The XML on the official site helped me to figure it out. This law is in Chapter 0. Which is pretty weird, because I've never seen any Chapters 0. Looking at the Title 58.1 page on the official site, I see that the title is divided into Subtitles I–IV. Those are subdivided into Chapters. Subtitle I contains no Chapter 0.

Chapter 0 is a fiction. Chapter 0 is a placeholder. In fact, Chapter 0 means that these laws are children of Title 58.1 (divided into Article 1 and Article 2).
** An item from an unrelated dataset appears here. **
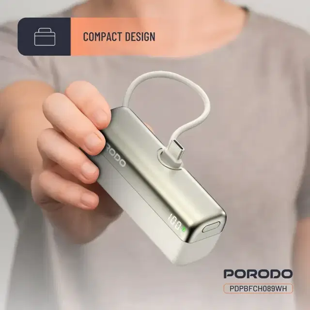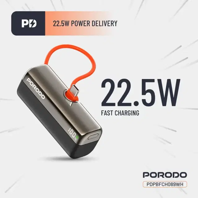 The Porodo Pocket Volt is a high-charging product that is compact and portable. It carries the conflicting reputation of being a power bank with a capacity of 5000mAh. This power bank allows fast charging with a Type-C input/output of 5V/3A, 9V/2.22A, and 12V/1.67A; max 20W output. This Type-C cable adds some charging versatility and supports up to 22.5W max-fast charging, good enough to quickly charge smartphones and tablets. It has a 15W max total output, capable of charging various devices simultaneously. The Porodo Pocket Volt Power Bank is so compact and thin that it will probably fit perfectly into your bag or even into your pocket. That makes it just right for travel or for carrying around during the day. The Porodo Pocket Volt Power Bank with PD 22.5W helps you stay fully charged in those critical moments when you can't afford to run out of power.

The official site tucks these up top.

But Lexis-Nexis' XML is silent on chapter 0. There's no designation at all.

I gotta chew over how to best handle these.

krusynth · 2017-03-06T17:02:45Z

Seems pretty similar to what I ran into with statedecoded/statedecoded#574

krusynth · 2017-03-09T16:56:45Z

Given the source:

<hierarchy>
  <hierarchyLevel levelType="title">
    <heading>
      <desig>TITLE 58.1.</desig>
      <title>TAXATION</title>
    </heading>
    <hierarchyLevel levelType="title">
      <heading>
        <desig>GENERAL PROVISIONS OF TITLE 58.1</desig>
      </heading>
      <hierarchyLevel levelType="article">
        <heading>
          <desig>ARTICLE 1.</desig>
          <title>IN GENERAL</title>
        </heading>
      </hierarchyLevel>
    </hierarchyLevel>
  </hierarchyLevel>
</hierarchy>

For the XSLT, this makes sense to me:

<unit label="title" level="1" identifier="58.1">Taxation</unit>
<unit label="title" level="2">General Provisions Of Title 58.1</unit>
<unit label="article" level="3" identifier="1">In General</unit>

And is achieved thus:

<xsl:choose>
  <xsl:when test="heading/title">
    <xsl:attribute name="identifier">
      <xsl:value-of select="replace(replace(normalize-space(heading/desig), '^(TITLE|SUBTITLE|ARTICLE|CHAPTER|SUBCHAPTER|PART) ', '' ), '.$', '')"/>
    </xsl:attribute>
    <xsl:value-of select="fn:capitalize_phrase(heading/title)"/>
  </xsl:when>

  <xsl:otherwise>
    <xsl:value-of select="fn:capitalize_phrase(heading/desig)"/>
  </xsl:otherwise>
</xsl:choose>

This leaves it up the Parser to handle these "administrative" divisions. We'll still need to generate an identifier for these in the short-term, since SD requires this. Since I've run into this a lot, I have hacked around it by custom rules – but ideally, we should support structures that do not have real identifiers.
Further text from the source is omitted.